Question

Suppose you cross two inbred (purebred) strains of mice, black and white, that have different average diastolic arterial blood pressure values, 99 mm Hg (black) and 141 mm Hg (white). You obtain F1’s with an intermediate average value of 120 (ranging between 116 and 124). After interbreeding the F1’s to produce F2’s, you measure the diastolic arterial blood pressure of these F2’s. You find that only 1 out of 1100 mice shows a blood pressure like the original parental black mouse like (99). This experiment was performed so as to greatly control environmental conditions. What does this say about the genetic control of blood pressure in mice? Estimate, roughly, the number of loci which contribute to this quantitative trait in this experiment.

Answer 1

• The parental blood pressure was 99 and 141 mm Hg.
• But the F1 had intermediate blood pressure around 120 mm Hg.
• This means the blood pressure is a genetic phenomenon that appears as a blend of two genes; one from mother and one from father.
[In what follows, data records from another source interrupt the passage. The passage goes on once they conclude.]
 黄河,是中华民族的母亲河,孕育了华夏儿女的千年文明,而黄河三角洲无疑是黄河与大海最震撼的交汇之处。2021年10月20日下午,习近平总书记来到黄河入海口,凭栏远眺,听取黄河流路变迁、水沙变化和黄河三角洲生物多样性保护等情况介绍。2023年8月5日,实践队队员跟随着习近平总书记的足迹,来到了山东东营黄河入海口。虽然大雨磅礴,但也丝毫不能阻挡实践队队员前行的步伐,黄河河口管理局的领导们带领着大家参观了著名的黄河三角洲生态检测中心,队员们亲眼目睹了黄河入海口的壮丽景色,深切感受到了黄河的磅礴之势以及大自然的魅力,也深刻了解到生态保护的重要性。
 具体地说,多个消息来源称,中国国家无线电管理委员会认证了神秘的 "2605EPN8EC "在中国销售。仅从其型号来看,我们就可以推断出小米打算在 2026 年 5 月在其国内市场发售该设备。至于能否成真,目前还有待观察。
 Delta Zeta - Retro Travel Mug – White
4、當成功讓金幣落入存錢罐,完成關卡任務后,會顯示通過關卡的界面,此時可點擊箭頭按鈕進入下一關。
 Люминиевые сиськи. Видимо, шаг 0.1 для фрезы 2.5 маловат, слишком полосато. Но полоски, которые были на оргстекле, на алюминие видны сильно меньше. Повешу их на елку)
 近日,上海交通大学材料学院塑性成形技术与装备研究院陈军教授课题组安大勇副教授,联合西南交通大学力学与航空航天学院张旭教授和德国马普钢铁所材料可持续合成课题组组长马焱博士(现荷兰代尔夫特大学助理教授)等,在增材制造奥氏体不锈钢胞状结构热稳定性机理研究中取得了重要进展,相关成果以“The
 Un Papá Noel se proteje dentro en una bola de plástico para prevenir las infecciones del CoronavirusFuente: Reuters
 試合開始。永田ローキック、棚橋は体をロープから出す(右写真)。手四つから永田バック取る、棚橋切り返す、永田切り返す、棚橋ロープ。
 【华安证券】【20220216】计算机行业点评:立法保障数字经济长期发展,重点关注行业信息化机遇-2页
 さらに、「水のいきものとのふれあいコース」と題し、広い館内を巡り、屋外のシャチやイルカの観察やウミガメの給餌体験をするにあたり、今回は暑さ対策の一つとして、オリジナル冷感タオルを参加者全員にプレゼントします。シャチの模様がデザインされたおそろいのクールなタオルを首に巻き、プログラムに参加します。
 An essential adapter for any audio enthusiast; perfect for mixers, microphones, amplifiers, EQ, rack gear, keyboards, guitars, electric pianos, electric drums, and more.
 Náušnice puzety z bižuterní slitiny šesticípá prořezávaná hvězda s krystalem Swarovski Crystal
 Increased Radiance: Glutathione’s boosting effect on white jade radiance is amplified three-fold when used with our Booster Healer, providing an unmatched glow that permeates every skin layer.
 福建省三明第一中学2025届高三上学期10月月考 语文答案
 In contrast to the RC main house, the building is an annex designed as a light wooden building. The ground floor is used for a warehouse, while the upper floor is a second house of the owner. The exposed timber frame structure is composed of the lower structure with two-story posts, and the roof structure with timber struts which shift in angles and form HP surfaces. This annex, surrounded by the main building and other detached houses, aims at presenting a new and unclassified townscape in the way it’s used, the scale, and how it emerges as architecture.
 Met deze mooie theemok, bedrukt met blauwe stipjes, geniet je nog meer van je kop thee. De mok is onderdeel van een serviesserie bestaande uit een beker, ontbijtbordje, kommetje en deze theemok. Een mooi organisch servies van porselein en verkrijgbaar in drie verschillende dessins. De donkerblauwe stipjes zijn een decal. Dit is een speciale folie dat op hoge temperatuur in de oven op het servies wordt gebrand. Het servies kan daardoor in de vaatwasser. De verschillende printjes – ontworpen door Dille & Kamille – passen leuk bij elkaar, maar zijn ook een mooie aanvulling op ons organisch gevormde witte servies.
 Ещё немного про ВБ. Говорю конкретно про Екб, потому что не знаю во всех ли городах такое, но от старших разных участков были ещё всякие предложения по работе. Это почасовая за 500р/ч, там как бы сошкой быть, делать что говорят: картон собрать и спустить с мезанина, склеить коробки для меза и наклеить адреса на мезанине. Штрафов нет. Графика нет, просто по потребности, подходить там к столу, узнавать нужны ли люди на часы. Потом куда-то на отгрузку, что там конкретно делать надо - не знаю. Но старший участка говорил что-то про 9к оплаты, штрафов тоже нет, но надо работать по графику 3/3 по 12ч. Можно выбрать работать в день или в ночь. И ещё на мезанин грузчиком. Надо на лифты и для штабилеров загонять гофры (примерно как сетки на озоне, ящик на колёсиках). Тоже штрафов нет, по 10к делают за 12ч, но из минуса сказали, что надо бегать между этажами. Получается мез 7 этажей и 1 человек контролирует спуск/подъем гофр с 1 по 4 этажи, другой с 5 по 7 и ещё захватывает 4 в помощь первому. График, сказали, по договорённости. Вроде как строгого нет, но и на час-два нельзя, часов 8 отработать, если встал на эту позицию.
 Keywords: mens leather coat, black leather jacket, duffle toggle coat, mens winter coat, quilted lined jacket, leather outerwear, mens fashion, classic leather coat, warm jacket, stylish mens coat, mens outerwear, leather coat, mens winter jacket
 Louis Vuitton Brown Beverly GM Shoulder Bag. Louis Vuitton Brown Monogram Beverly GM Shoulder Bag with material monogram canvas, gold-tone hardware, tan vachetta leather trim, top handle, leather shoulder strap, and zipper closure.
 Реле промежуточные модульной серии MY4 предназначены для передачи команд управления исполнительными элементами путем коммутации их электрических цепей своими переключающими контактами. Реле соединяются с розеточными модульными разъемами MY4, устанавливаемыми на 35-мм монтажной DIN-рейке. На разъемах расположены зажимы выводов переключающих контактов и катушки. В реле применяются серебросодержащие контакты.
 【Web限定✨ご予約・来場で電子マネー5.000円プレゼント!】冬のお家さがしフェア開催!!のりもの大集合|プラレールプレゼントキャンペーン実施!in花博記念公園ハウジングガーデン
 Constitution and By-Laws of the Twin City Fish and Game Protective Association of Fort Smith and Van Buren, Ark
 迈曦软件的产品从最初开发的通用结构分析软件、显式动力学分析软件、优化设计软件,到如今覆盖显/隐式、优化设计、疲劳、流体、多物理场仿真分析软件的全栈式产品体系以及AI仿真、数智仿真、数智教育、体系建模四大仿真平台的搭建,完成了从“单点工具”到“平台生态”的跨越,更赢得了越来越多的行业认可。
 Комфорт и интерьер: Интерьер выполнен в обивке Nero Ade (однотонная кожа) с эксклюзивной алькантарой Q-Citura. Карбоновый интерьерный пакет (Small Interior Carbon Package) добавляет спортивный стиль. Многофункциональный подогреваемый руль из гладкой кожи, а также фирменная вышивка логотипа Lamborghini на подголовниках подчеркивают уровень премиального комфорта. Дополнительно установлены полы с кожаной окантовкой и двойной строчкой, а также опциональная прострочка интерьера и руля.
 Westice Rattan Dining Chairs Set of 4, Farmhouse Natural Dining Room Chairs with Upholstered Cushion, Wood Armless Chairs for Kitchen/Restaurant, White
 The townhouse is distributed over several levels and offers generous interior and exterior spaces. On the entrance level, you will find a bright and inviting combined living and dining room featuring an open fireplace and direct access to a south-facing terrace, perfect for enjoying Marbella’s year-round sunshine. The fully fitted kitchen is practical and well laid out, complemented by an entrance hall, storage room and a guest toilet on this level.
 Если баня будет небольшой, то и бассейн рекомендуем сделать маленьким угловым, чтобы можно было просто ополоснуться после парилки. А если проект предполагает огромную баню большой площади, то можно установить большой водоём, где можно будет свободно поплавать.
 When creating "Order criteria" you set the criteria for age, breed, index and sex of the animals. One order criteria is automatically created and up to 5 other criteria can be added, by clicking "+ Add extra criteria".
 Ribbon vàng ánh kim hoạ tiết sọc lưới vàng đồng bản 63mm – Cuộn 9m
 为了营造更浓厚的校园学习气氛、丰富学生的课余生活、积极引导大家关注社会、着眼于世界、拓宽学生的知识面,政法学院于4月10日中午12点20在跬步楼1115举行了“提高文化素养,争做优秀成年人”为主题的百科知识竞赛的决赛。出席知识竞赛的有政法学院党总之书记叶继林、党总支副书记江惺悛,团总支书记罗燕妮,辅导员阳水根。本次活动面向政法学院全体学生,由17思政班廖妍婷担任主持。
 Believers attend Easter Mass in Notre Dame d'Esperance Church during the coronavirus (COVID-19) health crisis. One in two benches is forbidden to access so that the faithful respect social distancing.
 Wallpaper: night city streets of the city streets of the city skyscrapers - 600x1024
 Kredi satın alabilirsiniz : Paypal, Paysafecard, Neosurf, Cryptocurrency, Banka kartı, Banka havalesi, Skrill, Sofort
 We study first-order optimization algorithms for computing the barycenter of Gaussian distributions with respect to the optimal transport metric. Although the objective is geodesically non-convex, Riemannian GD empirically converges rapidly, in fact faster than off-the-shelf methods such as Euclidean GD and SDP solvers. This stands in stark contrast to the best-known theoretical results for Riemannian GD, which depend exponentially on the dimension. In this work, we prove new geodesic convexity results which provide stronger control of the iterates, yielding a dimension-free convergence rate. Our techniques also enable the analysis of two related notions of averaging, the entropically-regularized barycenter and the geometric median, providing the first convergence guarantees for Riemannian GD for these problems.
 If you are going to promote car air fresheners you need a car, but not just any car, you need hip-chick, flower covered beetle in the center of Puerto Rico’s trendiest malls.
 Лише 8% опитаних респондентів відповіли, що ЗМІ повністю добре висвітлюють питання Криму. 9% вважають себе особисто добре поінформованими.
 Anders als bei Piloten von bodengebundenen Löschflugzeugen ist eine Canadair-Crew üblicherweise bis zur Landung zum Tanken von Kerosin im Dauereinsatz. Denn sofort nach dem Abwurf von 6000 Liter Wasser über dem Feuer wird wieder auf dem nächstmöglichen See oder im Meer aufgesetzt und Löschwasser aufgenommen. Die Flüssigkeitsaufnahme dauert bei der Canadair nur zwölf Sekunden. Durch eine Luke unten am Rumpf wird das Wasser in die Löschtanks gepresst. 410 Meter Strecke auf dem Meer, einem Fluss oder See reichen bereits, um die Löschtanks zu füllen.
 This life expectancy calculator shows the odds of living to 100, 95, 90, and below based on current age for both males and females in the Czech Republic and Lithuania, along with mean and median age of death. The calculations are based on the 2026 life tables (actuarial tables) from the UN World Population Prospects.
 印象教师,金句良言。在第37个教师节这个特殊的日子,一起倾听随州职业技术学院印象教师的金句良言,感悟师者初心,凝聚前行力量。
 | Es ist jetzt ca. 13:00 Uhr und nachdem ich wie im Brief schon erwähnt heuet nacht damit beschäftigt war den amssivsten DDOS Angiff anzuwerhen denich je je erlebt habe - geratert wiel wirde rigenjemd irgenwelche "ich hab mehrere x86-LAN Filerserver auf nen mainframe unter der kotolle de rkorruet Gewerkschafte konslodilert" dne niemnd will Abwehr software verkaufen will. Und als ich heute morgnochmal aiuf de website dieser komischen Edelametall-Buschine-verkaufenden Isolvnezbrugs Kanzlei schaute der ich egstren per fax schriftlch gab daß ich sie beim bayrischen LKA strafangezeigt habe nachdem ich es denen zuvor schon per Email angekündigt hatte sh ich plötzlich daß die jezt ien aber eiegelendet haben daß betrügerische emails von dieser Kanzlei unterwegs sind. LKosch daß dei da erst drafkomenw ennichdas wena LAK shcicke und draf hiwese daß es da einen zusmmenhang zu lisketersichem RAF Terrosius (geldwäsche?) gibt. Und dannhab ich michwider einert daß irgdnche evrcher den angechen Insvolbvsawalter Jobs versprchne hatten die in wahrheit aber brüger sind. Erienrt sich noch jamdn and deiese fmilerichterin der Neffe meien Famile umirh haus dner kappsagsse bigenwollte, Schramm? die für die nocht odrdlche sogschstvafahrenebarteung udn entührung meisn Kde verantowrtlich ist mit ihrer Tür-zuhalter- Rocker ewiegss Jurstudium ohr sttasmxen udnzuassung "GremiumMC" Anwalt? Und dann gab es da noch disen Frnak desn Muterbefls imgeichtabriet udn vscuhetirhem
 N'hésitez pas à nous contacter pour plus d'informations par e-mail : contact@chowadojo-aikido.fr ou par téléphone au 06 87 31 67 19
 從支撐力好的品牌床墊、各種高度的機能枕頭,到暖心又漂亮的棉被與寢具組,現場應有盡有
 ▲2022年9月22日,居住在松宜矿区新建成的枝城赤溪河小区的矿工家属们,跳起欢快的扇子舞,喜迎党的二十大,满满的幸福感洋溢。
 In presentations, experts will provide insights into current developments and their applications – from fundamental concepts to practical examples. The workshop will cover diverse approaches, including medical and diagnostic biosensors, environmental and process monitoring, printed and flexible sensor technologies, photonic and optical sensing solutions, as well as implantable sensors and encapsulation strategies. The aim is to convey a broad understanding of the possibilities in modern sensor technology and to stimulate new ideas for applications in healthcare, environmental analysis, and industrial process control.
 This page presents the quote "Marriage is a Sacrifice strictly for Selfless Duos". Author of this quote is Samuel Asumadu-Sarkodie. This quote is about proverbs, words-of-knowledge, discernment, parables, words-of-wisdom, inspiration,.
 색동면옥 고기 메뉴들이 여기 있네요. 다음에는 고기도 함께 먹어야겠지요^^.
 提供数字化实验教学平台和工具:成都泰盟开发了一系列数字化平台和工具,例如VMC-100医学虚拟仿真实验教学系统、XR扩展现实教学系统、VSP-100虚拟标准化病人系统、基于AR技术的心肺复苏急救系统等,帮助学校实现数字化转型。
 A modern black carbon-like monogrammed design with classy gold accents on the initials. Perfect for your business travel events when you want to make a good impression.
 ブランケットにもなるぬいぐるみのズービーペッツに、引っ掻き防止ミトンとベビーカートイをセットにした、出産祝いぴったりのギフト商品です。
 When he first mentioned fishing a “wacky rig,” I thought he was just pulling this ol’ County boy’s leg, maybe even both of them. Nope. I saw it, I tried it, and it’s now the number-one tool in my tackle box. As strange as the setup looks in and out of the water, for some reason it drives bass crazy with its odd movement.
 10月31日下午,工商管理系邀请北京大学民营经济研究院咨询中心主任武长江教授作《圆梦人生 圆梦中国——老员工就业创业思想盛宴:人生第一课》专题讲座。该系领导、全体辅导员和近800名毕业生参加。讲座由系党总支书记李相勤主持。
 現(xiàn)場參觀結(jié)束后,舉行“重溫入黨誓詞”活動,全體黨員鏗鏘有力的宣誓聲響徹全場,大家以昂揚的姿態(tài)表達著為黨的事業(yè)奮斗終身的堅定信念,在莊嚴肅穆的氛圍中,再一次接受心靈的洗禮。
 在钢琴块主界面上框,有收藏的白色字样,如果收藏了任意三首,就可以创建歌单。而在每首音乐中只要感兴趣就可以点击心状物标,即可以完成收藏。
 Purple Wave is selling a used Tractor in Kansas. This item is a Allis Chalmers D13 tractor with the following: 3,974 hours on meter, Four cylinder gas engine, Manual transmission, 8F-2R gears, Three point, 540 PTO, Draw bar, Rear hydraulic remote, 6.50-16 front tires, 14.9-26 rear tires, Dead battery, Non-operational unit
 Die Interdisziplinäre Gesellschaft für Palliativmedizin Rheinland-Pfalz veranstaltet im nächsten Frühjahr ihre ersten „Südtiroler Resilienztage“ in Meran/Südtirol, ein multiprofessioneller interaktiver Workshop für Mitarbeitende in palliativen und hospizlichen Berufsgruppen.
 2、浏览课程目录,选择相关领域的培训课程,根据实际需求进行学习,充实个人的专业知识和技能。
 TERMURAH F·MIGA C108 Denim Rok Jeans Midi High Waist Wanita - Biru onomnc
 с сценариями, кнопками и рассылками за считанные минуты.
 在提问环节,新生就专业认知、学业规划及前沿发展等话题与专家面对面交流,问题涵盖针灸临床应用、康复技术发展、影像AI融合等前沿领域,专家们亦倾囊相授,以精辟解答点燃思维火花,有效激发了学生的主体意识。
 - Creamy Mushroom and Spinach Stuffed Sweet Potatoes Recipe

However, in F2, only 1 out of 1100 have blood pressure like the original parents (99).
• Rest 1099 have different blood pressure. This very large variation is possible only if characters are governed by multiple genes, a quantitative phenomenon.

To determine the number of genes involved, we have a simple formula

n (no. of loci) = (1/4)^n

= 1/1100 = (1/4)^5 [ 4^5 is approximately 1000)

So there are 5 loci responsible for blood pressure.